I laugh and Keller nods. “It wouldn’t have happened if he hadn’t ever met that family. I see that now. Sometimes I think I even understand about the ‘fucking good’ part.” He sneaks a little look at me. “And see, he was brave enough to find out. He let himself go there and do the hard thing—even with this pain-in-the-ass son of his trying to hold him back, even no matter how scared he was. He still went.”
Both of us lapse into silence. Finally, I place my forearms on the table and smile. “So, it is bette
r to know these things.”
He shakes his head, folds the fingers of his flattened hands together. “It’s always better to know. It is. That’s the great thing about being a detective, Lena. Information makes you stronger. And if it’s bad news, it makes you even stronger. This woman your dad told us about—she might really have something for us. She might recognize that tooth or give us a lead on where it came from.”
I nod, my chin propped on my fist. “Yeah. I know. Thought of all that.”
“It’s creepy—I know—to think there might be some connection between you and some lunatic out there.
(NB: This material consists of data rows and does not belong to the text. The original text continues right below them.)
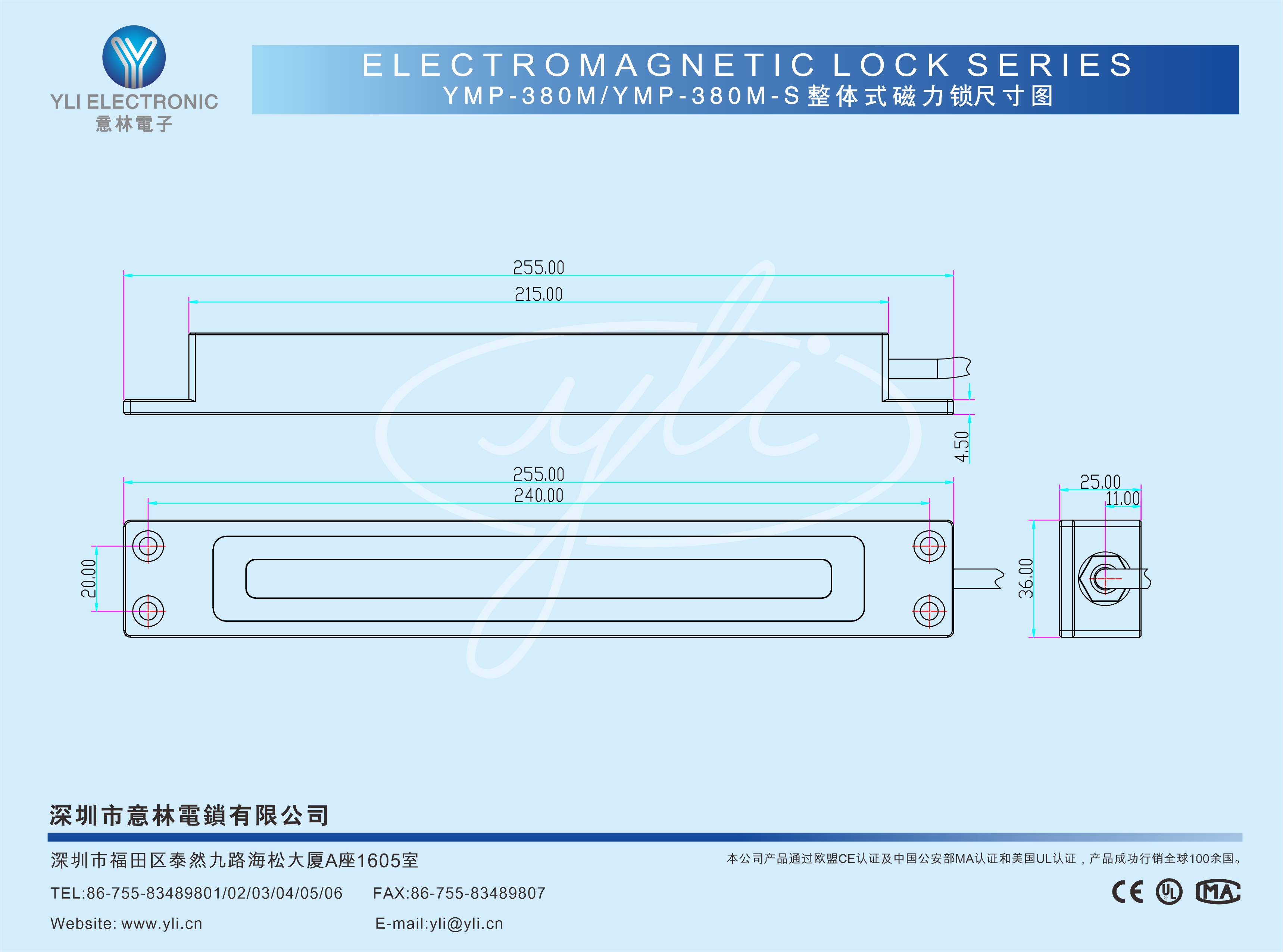 YMP-380M-S 是一款整體式結構暗裝式單門磁力鎖附鎖信號輸出,鎖體采用整體式電磁專用型材經特制設備精工而成,抗撞擊力及抗扭力更強,更堅固耐用。內設有一組鎖狀態信號(NO/COM)輸出接點,為門禁系統實時反饋信息。意林磁力鎖加大電磁吸力設計吸力超強,表面處理采用國際領先的電鍍工藝,通過國家實驗室240小時鹽霧測試,達到防氧化、防銹、防腐性能。產品廣泛應用于日常辦公場景或沿海鹽霧.潮濕(如:地鐵,機場,核電站,跨海大橋,港口碼頭,醫療機構,沿海城市建筑)等場景使用。本公司產品規格及配套齊全,內開式門或無框玻璃門、窄框門等均有安裝支架配套,有效滿足現代智能建筑的各種場景需求。
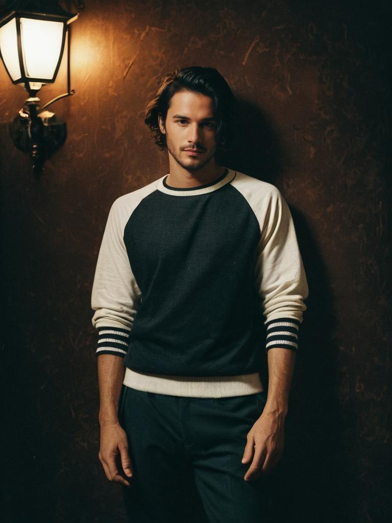 Portrait of a young man with medium-length dark hair wearing a black and white raglan sleeve sweater, standing against a dark textured wall with a vintage wall lamp illuminating the scene.
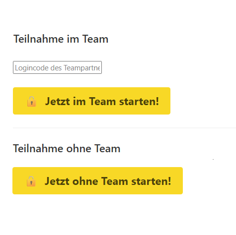 Damit zwei SuS in einem Team teilnehmen können benötigen sie beide einen Logincode. Sobald ein Wettbewerb ausgewählt wurde, kann der Wettbewerb entweder alleine im Bereich “Teilnahme ohne Team” über den Button “Jetzt ohne Team starten” gestartet werden, oder im Bereich “Teilnahme im Team”. Dafür muss Der erste SuS bereits auf jwinf.de eingeloggt sein und nun den Logincode des zweiten SuS im Feld “Logincode des Teampartners” eintragen. Mit “Jetzt im Team starten” kann dann der Wettbewerb gestartet werden. Die Teilnahme wird dann für beide Accounts angezeigt und gewertet.
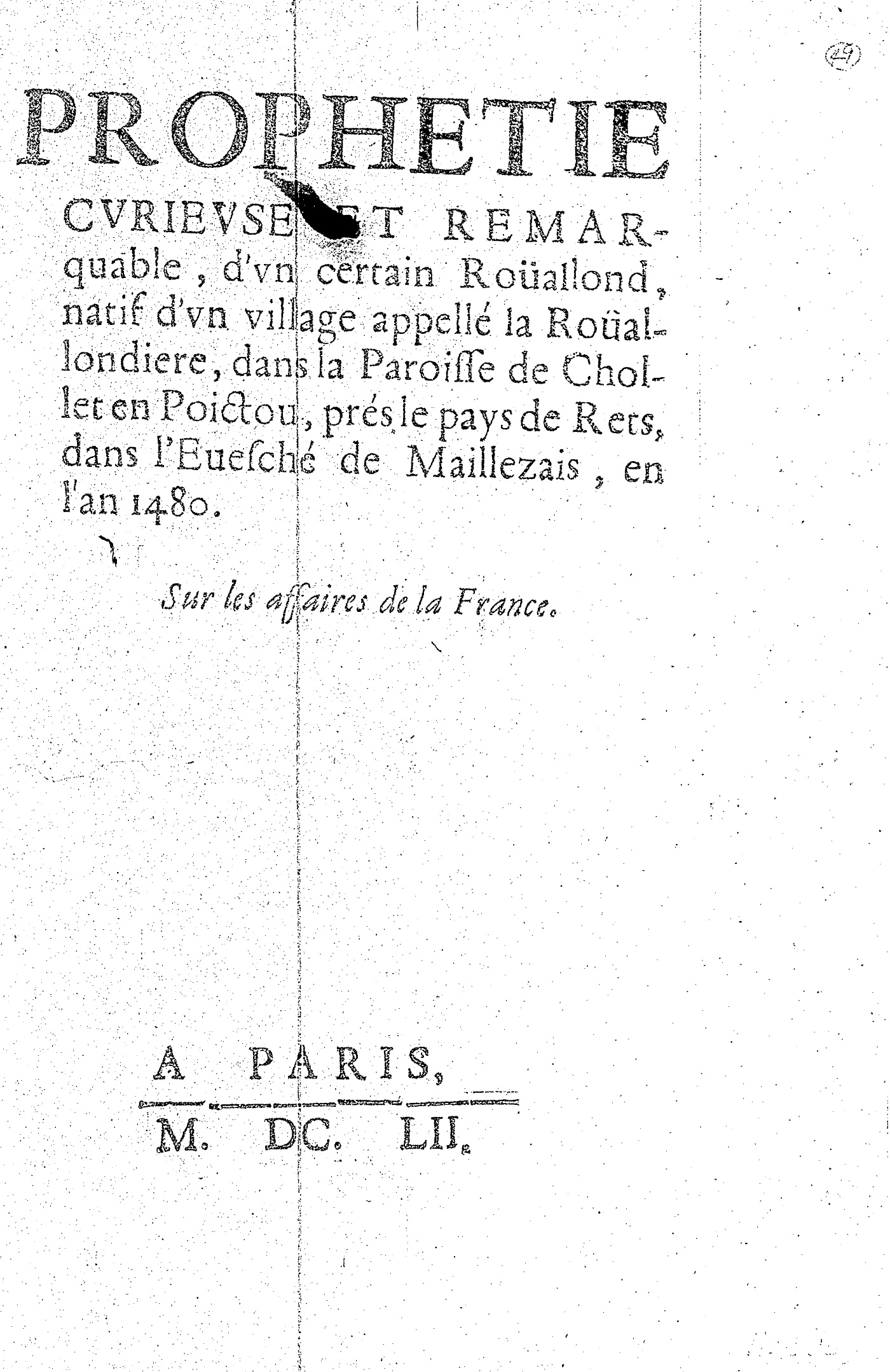 PROPHETIE CVRIEVSE ET REMARQUABLE, d’vn certain Roüallond, natif d’vn village appellé la Roüallondiere, dans la Paroisse de Chollet en Poictou, prés le pays de Rets, dans l’Euesché de Maillezais, en l’an 1480. Sur les affaires de la France.
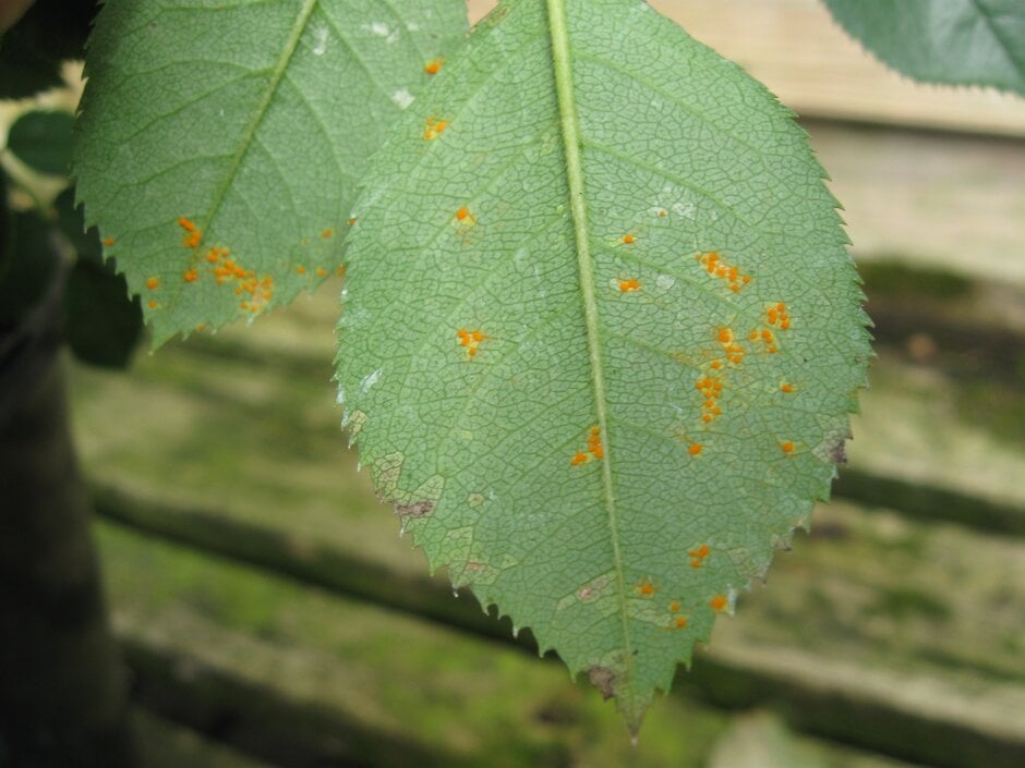 The colour of the rust pustules varies according to the rust species and the type of spore that it is producing. Rose rust, for example, produces orange pustules for much of the summer, but in late summer and autumn these are replaced by black pustules containing overwintering spores.
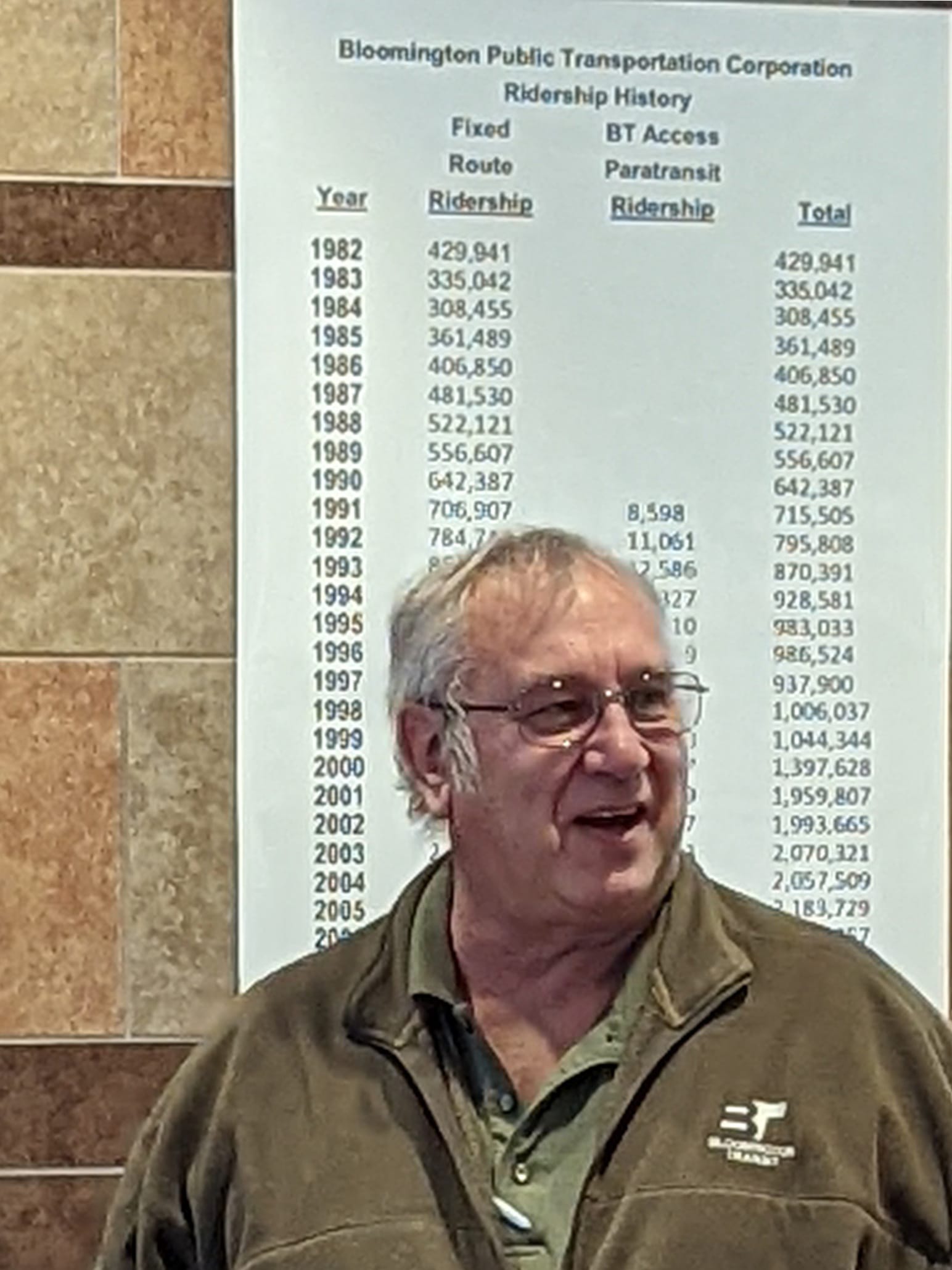 His first day at the wheel of a Bloomington public bus came 43 years ago on June 2, 1979. At that time, the bus service was provided through a city department, before the Bloomington Public Transportation Corporation was established.
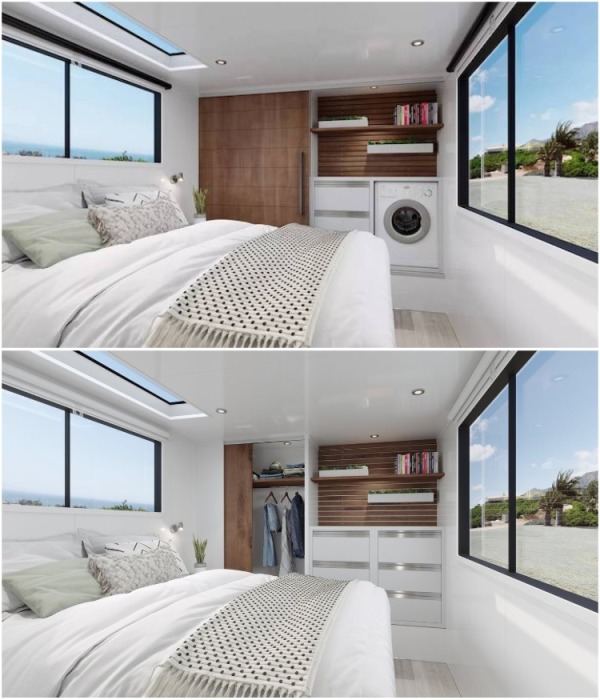 В основной спальне организовали скрытые системы хранения, где за раздвижной дверью спрятали вещевой шкаф, комод и стиральную машинку (кемпер LV 2020). | Фото: hiconsumption.com
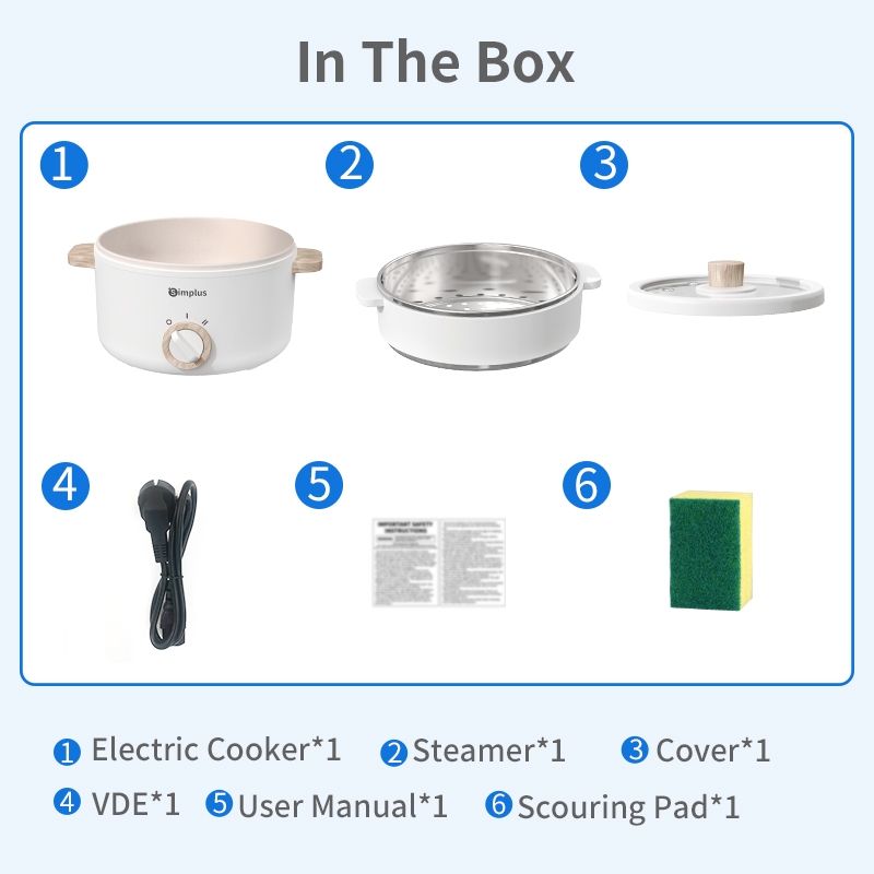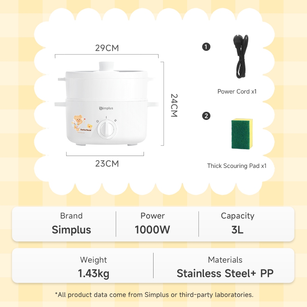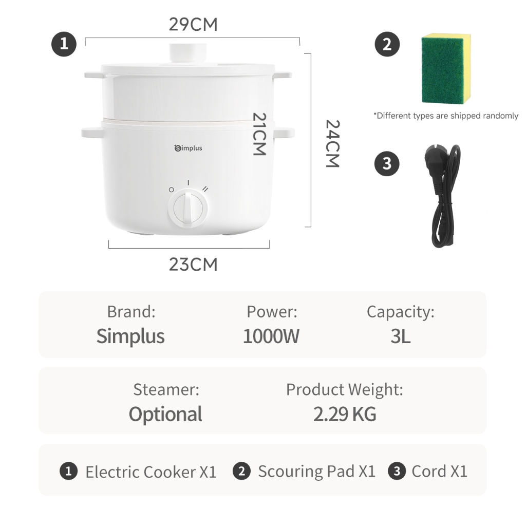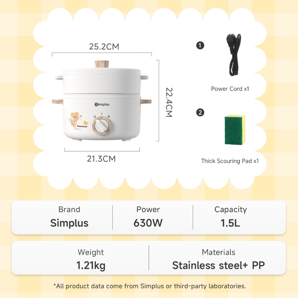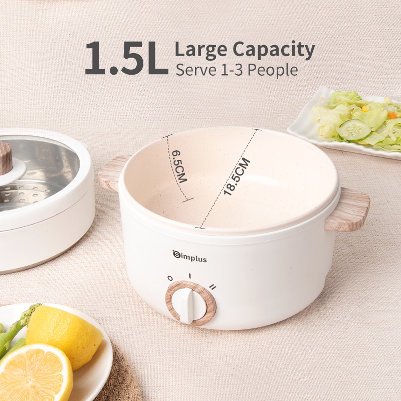 Simplus 1.5L Multi Electric Cooker with Steamer | 630W Quick Heating | Ceramic Coating丨Auto Power-Off Protection DZGH003

And sometimes you get tired of having to be brave. Brave wears you right out. Down to the bone. But if you can stand it—it’s always worth it.” He looks at me, a slim gray gaze. I look down; heat ripples along my spine. The thing that I don’t want to know is already there, like a germ inside my body. I know this. I slide my hands over his. He takes my hand, holds it under his nose like a bouquet, barely touching his lips to my skin.
Something in me sways toward him, but I hold back. I say, “I just needed a moment—to catch my breath.” I turn my hand over reflexively, removing it from his grasp.
Keller smiles. He stuffs a napkin into his empty soda cup, tosses it from the seat into the open trash barrel against the wall. He says quietly, “Then let’s do it.”
CHAPTER 32
THERE’S A SOLEMN STATELINESS TO THIS SMALL VILLAGE, FILLED with older homes, cottages and quaint colonials. 426 Third Avenue is a wooden house with chocolate-brown shutters and terra-cotta window boxes. Keller pulls in front and places his hand on the seat back above my shoulders. “Any of this look familiar?”
“Not really,” I say.
Keller wraps his hand around mine. “All right?”
For a moment, I don’t move. I shrink away from the car door. The house seems to wobble, its outlines soften, miragelike. Keller turns toward me, my hand still suspended inside his. It’s like a shift in the chemistry of my body, this panicky sense that I’m not ready to hear what this woman may have to say. I try to stall: “Wait—maybe . . . I’m thinking maybe I better get back to the Lab. I can do this another time.”